One of the key points made by the original report is:

“The most disadvantaged members of society lack influence over how public resources are used”

Recommendation 3 of the report focusses on this area specifically:

“share power over resources and increase the influence the public has on how resources are used to improve the determinants of health”

Actions for bodies in the North of England include:

There are also a set of actions that government should consider which include:

There is nothing intrinsically wrong with these recommendations but I think they lack coherence and don’t sufficiently address the original challenge.

The actions feel as though their starting point is concerned with what local public sector bodies consider to be important, their role, their relationship with government; rather than challenging the way in which local public sector bodies relate to communities.

There is not enough about the lived experience of citizens and the relationship that the local state has with them. This means that this section (indeed the whole report) is weak on the role of the community and voluntary sector – especially grass roots community organisations.

So, while I support the calls for more regional government, greater access to information about need and services, and participatory budgeting I think the document over emphasises these at the expense of a weak section at the end (where else!) on community capability.

Regrettably this is reflected by the general lack of emphasis on the contribution of the voluntary and community sector as a whole.

We need more honest local debates about relationships with communities and citizens

If Due North is to achieve real change then I think it needs to revisit its approach to citizens and communities.

Lets face it the arguments articulated in Due North for localism are predicated on the belief that the strongest relationships with citizens happen best at a local level.

The credibility of any proposal to shift power from Westminster or to redress inequality rests on our ability to demonstrate that we can deliver these powerful relationships with citizens.

We have to recognise that we need to put our own house in order, a culture change is required at a local level too. The way Due North is written does not convince me that this is sufficiently recognised.

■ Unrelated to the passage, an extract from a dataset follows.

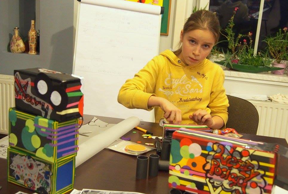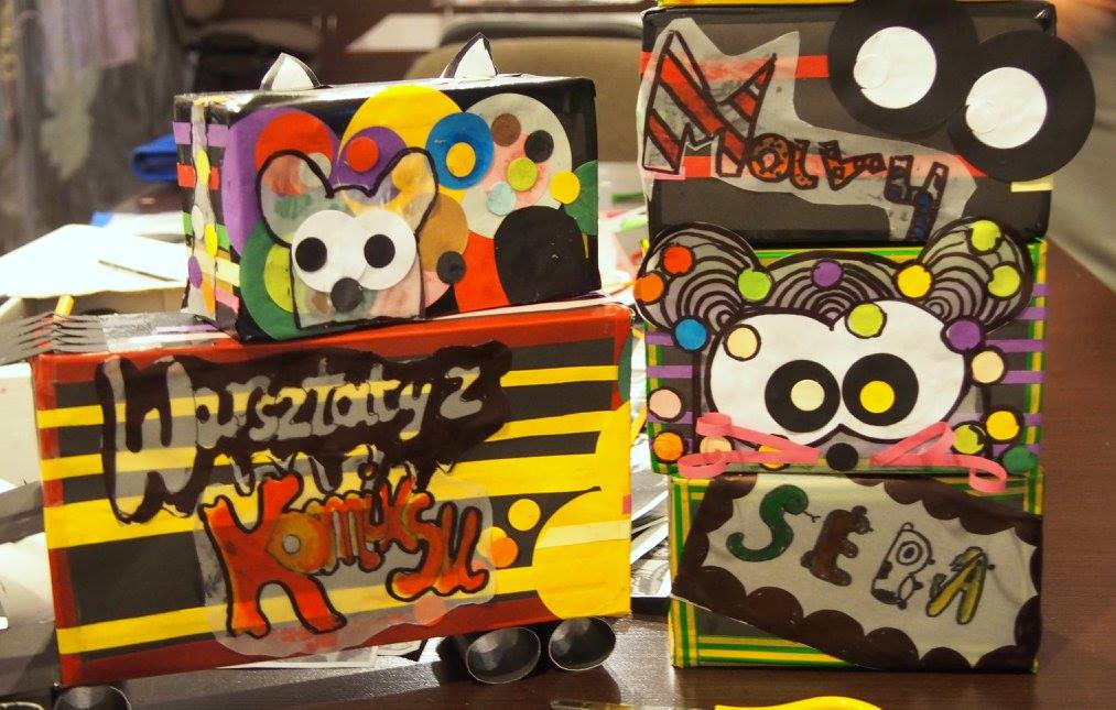 Oprócz tego w trakcie warsztatów dzieci poznawały techniki liternictwa, wymyślały i odwzorowywały fonty. Zajmowały się też projektowaniem nadruków na koszulki, rysowały mapę okolicy domu, buzie z różnymi emocjami, ozdabiali własne twarze na wzór postaci komiksowych oraz projektowali autorskie wagony.

Of course it is possible to give lots of examples of action at a local level – from Doncaster through to Blackburn with Darwen – that is not sufficient!

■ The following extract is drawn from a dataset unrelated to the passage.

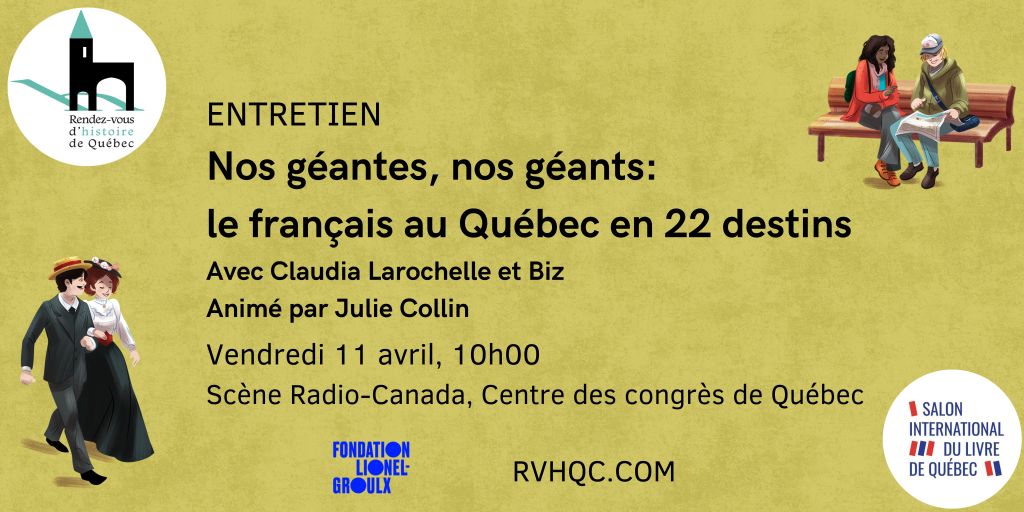 Claudia Larochelle et Biz présentent Nos géantes, nos géants, projet dans lequel s’anime une mosaïque de 22 destinées remarquables, magnifiée par le style coloré de l’illustrateur Benoit Tardif. Les auteurs racontent à leur manière les faits et gestes de personnages plus grands que nature ayant joué un rôle marquant dans la défense et la valorisation de notre langue commune : le français.

We need to recognise that there needs to be ongoing debate with citizens and community organisations to develop a shared view about how to strengthen engagement, involvement and yes…..solidarity.

There is plenty of hopeful stuff going on. I am impressed by the work of the Co-operative Councils who have been leading some of the work here. Local Authorities such as Lambeth are doing really interesting stuff – including developing their Competency Model for Co-operative Councils looking at how to change their relationship with local citizens. I suspect that some of this work is informed by seminal reports like “The Relational State” whose strap line calls calls for “recognising the importance of human relationships could revolutionise the role of the state”

There is a great deal out there – the challenge is to locate this promising activity within a broader analysis of why this is important, where current deficits are and what we need to be doing differently.

We need to avoid leaping into our usual behaviour of renewing neighbourhood committees, laying on a bit of community capacity building and providing some better information and then saying job done”

What do you think?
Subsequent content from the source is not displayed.